La confession publique de M. Labonté a cependant eu l'effet d'un catalyseur. Il ne s'agissait plus simplement d'entrepreneurs sans scrupules qui s'étaient acoquinés avec quelques politiciens et fonctionnaires véreux, mais d'un problème beaucoup plus profond. À l'entendre, tout le système était pourri jusqu'à la moelle.
Depuis un bon-demi siècle, jamais une campagne municipale n'avait atteint une telle intensité dramatique. Même Louise Harel, dont personne n'avait douté de l'intégrité en vingt-cinq ans de vie politique, a été éclaboussée de façon irrémédiable.
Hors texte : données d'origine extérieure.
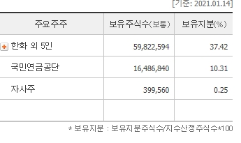 한화가 37프로, 국민연금공단이 10프로 지분을 가지고 있다.

Comment croire qu'elle ignorait tout des squelettes enfermés dans le placard de son principal lieutenant, qu'elle destinait à la présidence du comité exécutif? Le taux de participation anémique à l'élection du 2 novembre a traduit un immense désabusement envers la politique.
À peine quelques jours après que M. Harper a été désigné personnalité de l'année au pays, il était certainement choquant de le voir proroger la session parlementaire à Ottawa, simplement pour éviter d'avoir à rendre des comptes sur le sort des prisonniers afghans.
Il n'est pas tellement plus réjouissant de penser que la personnalité la plus marquante de l'année au Québec est l'homme par lequel le scandale est arrivé, mais il est encore plus désolant de voir les efforts déployés par le gouvernement Charest pour tenter de noyer le poisson.